The risk of a total failure of a P2P platform should not be underestimated, but also not overestimated! Nobody can judge exactly how high this is. On the one hand, P2P loans are still in their infancy (compared to traditional investments such as stocks, funds and the like), and on the other hand, I am not aware of a total default.

What happens in the event of a total failure?

money cash

Nobody can say this with 100% certainty due to the lack of precedents. You can find out what such a worst-case scenario looks like with the respective provider in the FAQ directory of the platform or through a specific request from the support. It is usually the case that the P2P platform transmits the so-called “loan book” to a notary at regular intervals. In the event of bankruptcy, the latter is then responsible for processing the outstanding loans. In theory, this sounds plausible to me, but in the worst case I would have to take care of it myself.
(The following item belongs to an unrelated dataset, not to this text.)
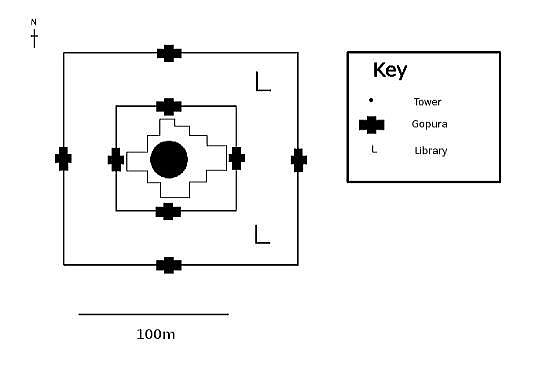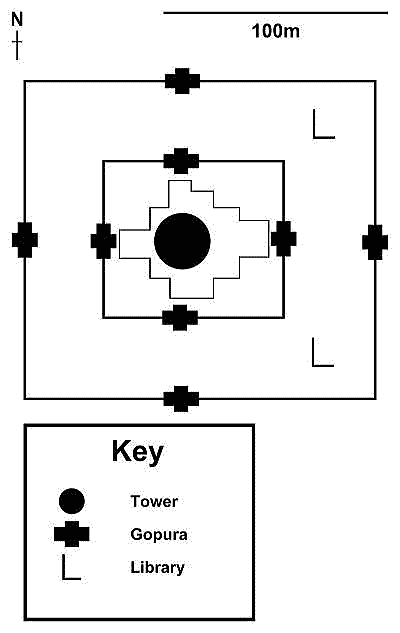 | アンコール遺跡全体目次 <アンコール・トム> アンコール・トム 南北門 東西門 王宮 ピミアナカス バイヨン1 バイヨン2 バイヨン3 バイヨン4 象のテラス1 象のテラス2 象のテラス3 ライ王のテラス1 ライ王のテラス2 ライ王のテラス3 プラサット・スゥル・プラット クリアン1 クリアン2 バプーオン1 バプーオン2 ◆バイヨン1 (Bayon) バイヨン (Bayon) は、カンボジアのアンコール遺跡を形成するヒンドゥーと仏教の混交寺院跡でありアンコール・トム全体敷地の中央にあります。 一般的にはバイヨンの呼び方で広く知られていますが、クメール語の発音ではバヨンの方が近いと言えます。バは「美しい」という意味で、ヨンは「塔」の意味を持っています。 ![]() アンコール遺跡・寺院地図 ![]() アンコール・トムとバイヨンの拡大図 下はグーグルマップの衛星写真で見たバイヨンです。アンコール・トムの中心にあり、正方形をしており、その中央に祠堂があります。また周囲に道路があります。 ![]() 出典:グーグルマップ 以下はバイヨンの写真ですが、ひときわ高い建築物が中央祠堂です。 ![]() バイヨン寺院 出典:グーグルマップ・ストリートビュー ![]() バイヨン寺院 Source:Wikimedia Commons 見る角度により中央祠堂の高さは変わります。以下の池田が写っている写真では、中央祠堂はひときわ高く見えます。 ![]() 撮影:随行学芸員 Nikon Coolpix S9900 ![]() バイヨン Source:Wikimedia Commons ◆バイヨンの構造 ・3次グラフィックスによるバイヨン寺院の展開 下の2枚はグーグルアースによる3次元グラフィックスによるバイヨン寺院の展開です。正方形の敷地の中に完全にシンメトリーに伽藍(祠堂、塔、門)が配置されています。方位は上が北です。 こうしてみることで、外観からは非常に複雑に見えるバイヨンの土地利用、施設配置、設計がよくわかります。 ![]() グーグルアースによる3次元グラフィックスによるバイヨン寺院の展開 ![]() グーグルアースによる3次元グラフィックスによるバイヨン寺院の展開 下は、バイヨン寺院の平面図です。以下の平面図の凡例から敷地の東側上下に、経蔵(Library)があることが分かります。 ![]() 全体図 Source:Wikimedia Commons ![]() 全体図 Source:Wikimedia Commons ◆バイヨンの特徴 バイヨンを特徴付けているのは、高くそびえる中央祠堂をはじめ、塔の4面に彫られている人面像(バイヨンの四面像)です。人面像は観世菩薩像を模しているというのが一般的な説です。 しかし戦士をあらわす葉飾り付きの冠を被っていることから、ジャヤーヴァルマン7世を神格化して偶像化したものであるとする説も存在します。また21世紀に入り、3次元CG化と解析によりヒンドゥー教の神々を表しているという説も出ました。この像はクメールの微笑みと呼ばれています。 また他のアンコール遺跡に残るクメール建築と同じく疑似アーチ構造を多用した建築構造をもっています。 建築全体ではおおむね三層に分かれており、高さ約43メートルといわれる中央祠堂を中心に、その第一層に二重の回廊が配置された構造となっています。 50近い塔に合わせて117個の人面像が残っています(これには異説があるようです)。人面像の高さは1.7〜2.2メートル程度で、個々にばらつきがあります。 第一層 第一層には東西南北全方向に門があります。中でも東門の近くには両側に池のあるテラスがあります。 第一回廊にもレリーフが残ります。アンコール・ワットにも存在する乳海攪拌のレリーフなどですが、保存状態があまり良くありません。 第二回廊(外回廊)は約160メートル×120メートル。正面は、東側を向いています。現在残るレリーフは、他のアンコール遺跡とは大きく異なった特徴を持っています。 第二回廊にはチャンパとの戦争の様子やバイヨン建設当時の市場の様子や狩の様子などがレリーフに彫り込まれており、庶民の暮らしを窺い知ることのできる貴重な資料にもなっています。 第二層 16の塔があり、どの塔にも前述の観音菩薩と思われる四面像が彫られています。第二層の回廊にはヒンドゥー教色の強いレリーフがデザインされています。 第三層 第三層はテラスとなっており、やはりどの塔にも観音菩薩とおぼしき四面像が彫られています。第三層の中央には過去にシヴァリンガが置かれていたとされていますが、後世の人が除去し、現在では上座部仏教(小乗仏教)の像が置かれています。 ![]() バイヨン寺院の人面像 Source:Wikimedia Commons ![]() バイヨン寺院 出典:グーグルマップ・ストリートビュー ![]() バイヨン寺院 出典:グーグルマップ・ストリートビュー ◆バイヨンの歴史 アンコール王朝の中興の祖と言われるジャヤーヴァルマン7世がチャンパに対する戦勝を記念して12世紀末ごろから造成に着手したと考えられており、石の積み方や材質が違うことなどから、多くの王によって徐々に建設されていったものであると推測されています。 当初は大乗仏教の寺院でしたが、後にアンコール王朝にヒンドゥー教が流入すると、寺院全体がヒンドゥ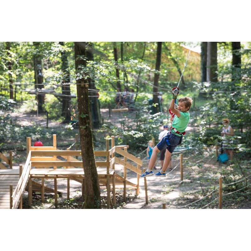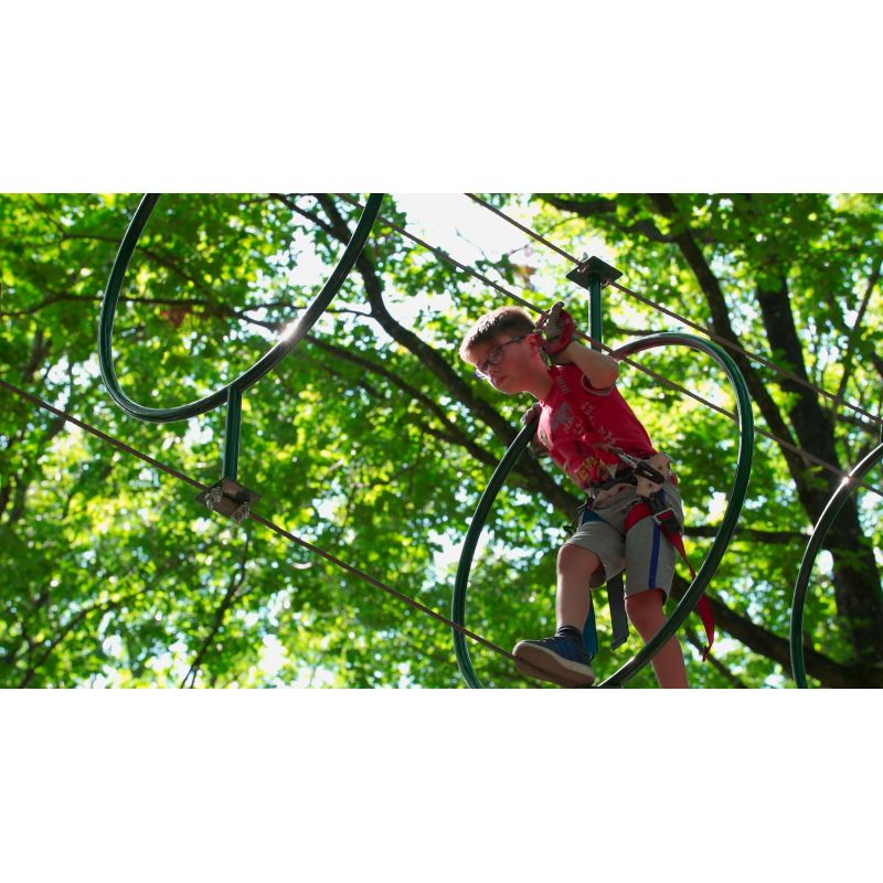Profitez de 12 parcours accrobranche : progressifs en difficulté et en hauteur, jalonnés de ponts, de filets, de tyroliennes ou de sauts. Vous évoluez de plateforme en plateforme, avec successions de passages plus ou moins périlleux : une expérience impressionnante et délirante !

Realistically speaking, the latter is almost impossible.

How can I protect myself from a total failure?

money cash

You cannot protect yourself directly from it, as you have no personal influence on it. However, you can minimize your risk if you observe the following points:

 

  • Diversification as the top priority! Spread your total investment across multiple P2P platforms / providers and loan initiators. One should also think about a diversification into different economic areas (Western Europe / Eastern Europe, various countries).
  • Read financial reports! If these are made available, you should read them into them and follow them for years. A possible total loss can be recognized early on in the balance sheets.
  • Watch statistics! Every provider makes statistics available to investors somewhere on the homepage. Observe growth rates in credit volume, number of investors and also default rates.
  • Establishing the market: The trend is that the longer a provider is established on the market, the less likely it is that there will be a sudden total failure.

My personal assessment

Basically, I think a sudden total failure of a P2P loan platform is relatively unlikely. Rather, I think it is a realistic scenario that some providers will clearly stand out from the competition and others will gradually disappear from their meaning. Here too the old adage applies: “Whoever does not go with the times goes with the times”. In my opinion, there is currently a huge change in the direction of “P2P Loans 2.0”.

The original idea of ​​social lending seems to be falling behind more and more.

Many investors want pre-financed loans, repurchase guarantees / collateral, small minimum investment amounts, no fees etc. – to name just a few points. I don’t exempt myself from it. This is probably the reason why the Eastern European P2P platforms find this enormous popularity. The development of Smava can be seen as an even more extreme example. Smava was one of the pioneers in the German social lending sector in 2007 and sees itself today mainly as a comparison portal for installment loans. P2P loans are now only a minimal “secondary branch”. How the development continues – we will see!.